Warum die EU-Armee eine Illusion ist
Trotz gegenteiliger Rhetorik war die EU sicherheitspolitisch und militärisch noch nie so abhängig von den USA wie heute.
Schon lange beschäftigen sich die Europäer mit der Idee der Aufstellung einer europäischen Armee. Erste Versuche gab es bereits bei Karl dem Großen, bei Napoleon und Hitler, von der „Fremdenlegion“einmal abgesehen. Ernsthafte Pläne im 20. Jahrhundert gehen zurück auf den gescheiterten Rene-PlevenPlan in den fünfziger Jahren. Danach gab es zahlreiche weitere, ehrgeizige Initiativen der Europäer, sich der Vision einer europäischen Verteidigungsunion und Armee wenigstens anzunähern: Die 1954 gegründete Westeuropäische Union (WEU) mit ihrer starken Beistandsverpflichtung – zumindest auf dem Papier –, von der in den 1990er-Jahren nur noch die „Petersberg-Aufgaben“der EU vorwiegend im militärischen „SoftPower-Bereich“übrig blieben. Dann die gescheiterte Idee der Aufstellung einer europäischen
Eingreiftruppe bis zu 60.000 Soldaten auf dem Europäischen Rat in Helsinki 1999 bis hin zur Aufstellung der „EU-Battle-Groups“im Jahre 2004, an denen sich auch Österreich beteiligte.
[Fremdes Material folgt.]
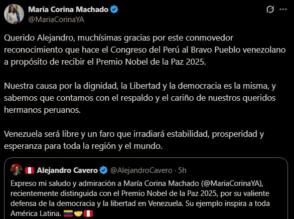 “Muchísimas gracias por este conmovedor reconocimiento que hace el Congreso del Perú al Bravo Pueblo venezolano a propósito de recibir el Premio Nobel de la Paz 2025. Nuestra causa por la dignidad, la Libertad y la democracia es la misma, y sabemos que contamos con el respaldo y el cariño de nuestros queridos hermanos peruanos”, afirmó.
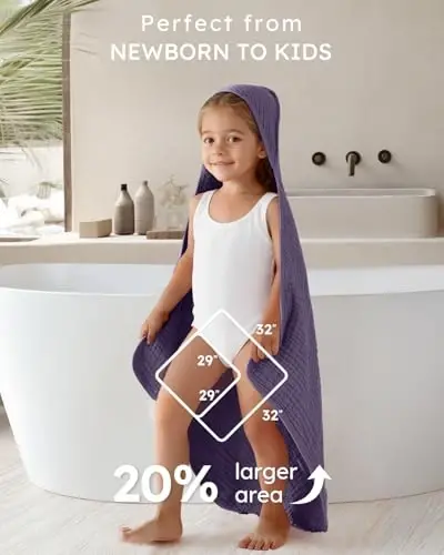[Soft and Absorbent] - 100% high quality muslin organic cotton, the best fabric for babies, makes the baby bath towel super soft than regular cotton towel. It absorbs the water off baby quickly and keeps baby warm after baths. [Excellent Durability] - The 6 layers thickness muslin design is long-lasting enough for everyday use. Sized in 32 x 32 inches, the hooded baby towels are suitable for newborns, infants, toddlers, and small kids up to 3 years old. [Easy Care] - Our muslin baby towels with hood will keep its softness, thickness and color even after many washes, machine washable and quick dry. The set of 2 baby towels for newborn is more convenient for daily change and easy clean up. [Versatile Usage] - Not only used as baby bath towel, it can also be used as baby blanket, swaddling, changing mat cover. Wrap your little one in this soft baby hooded towel after bathing him in a tub, at the pool or beach. [Perfect Baby Gift] - As a lovely and practical baby essential, our hooded baby towels for boys and girls is a perfect unisex baby shower gift, or baby registry gift!
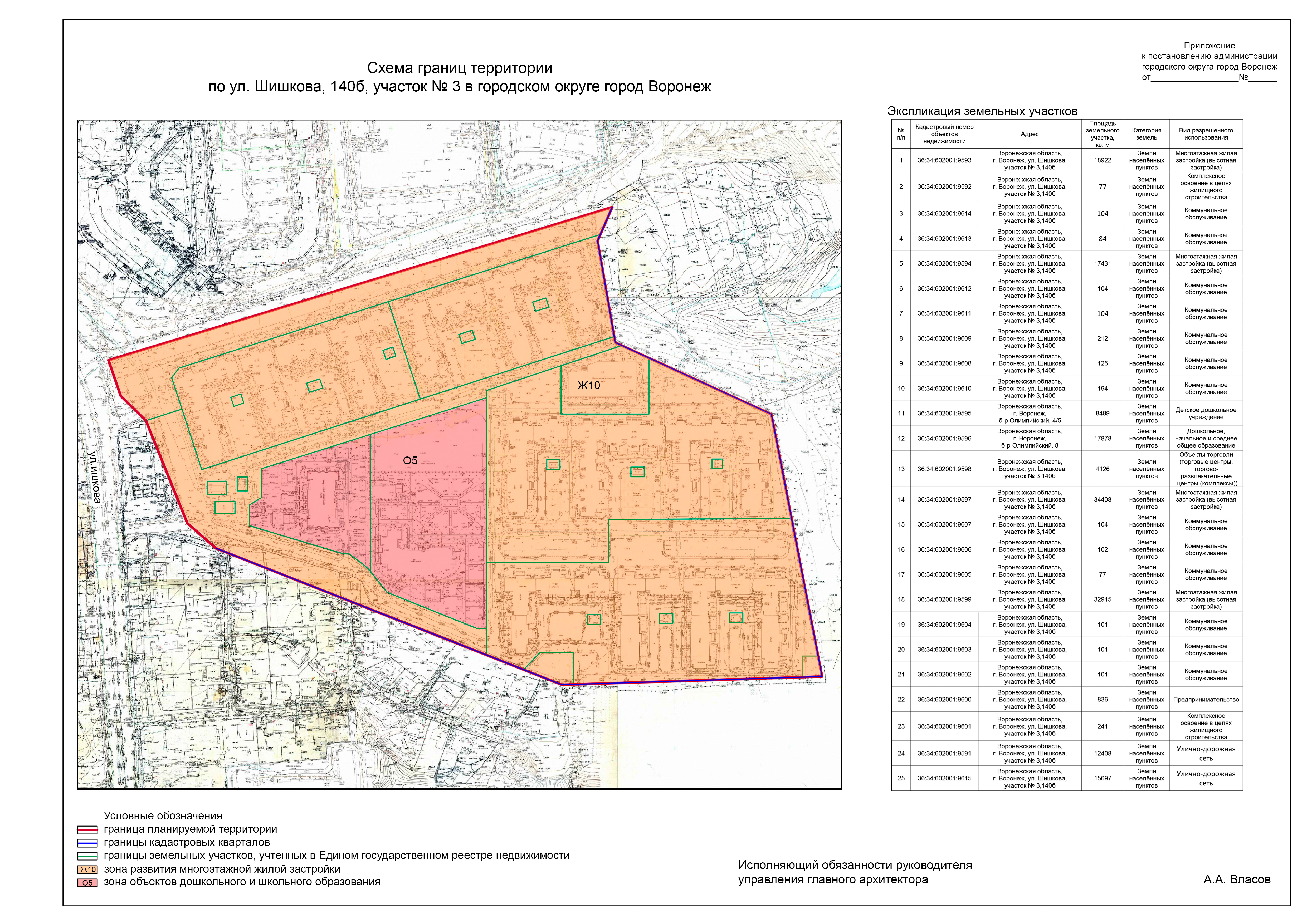 Схема границ территории по ул. Шишкова, 140б, участок № 3 в городском округе город Воронеж
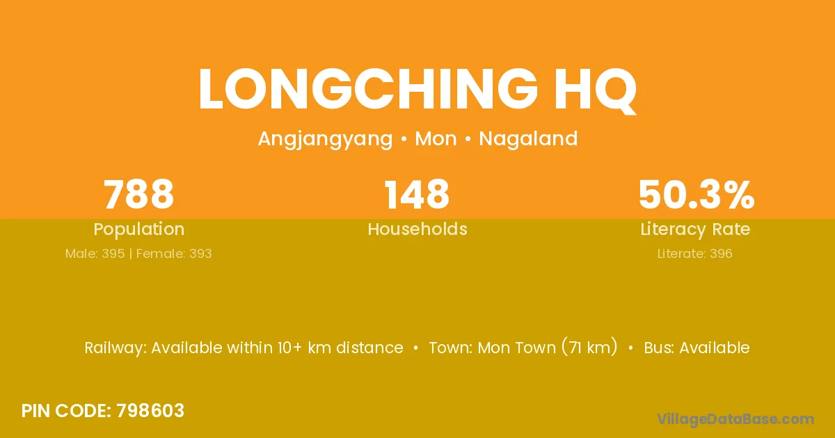 Mon Town (71 km) is the nearest town to Longching Hq village for major economic activities and is located approximately 71 km away.

Diese kleinen militärischen Formationen der EU kamen ebenso wie das Eurokorps oder die deutsch-französische Brigade nie geschlossen zum Einsatz.
Diese und andere europäische Initiativen waren im Ergebnis ebenso ernüchternd wie die jüngste, die sogenannte „PESCO“-Initiative aus dem Jahr 2017. Auch mit Blick auf diese Vereinbarung einer ständigen, strukturierten Zusammenarbeit dominieren ehrgeizige, nicht klar definierte, vielseitig interpretierbare und widersprüchliche Zielvorstellungen, allesamt weit davon entfernt, dem Ziel einer europäischen Armee näher zu kommen.
Wie will man auch angesichts des offenen, politischen Rahmens und der nicht absehbaren Finalität der europäischen Integration ernsthaft eine europäische Armee aufstellen? Nach Clausewitz ist das jedenfalls unmöglich.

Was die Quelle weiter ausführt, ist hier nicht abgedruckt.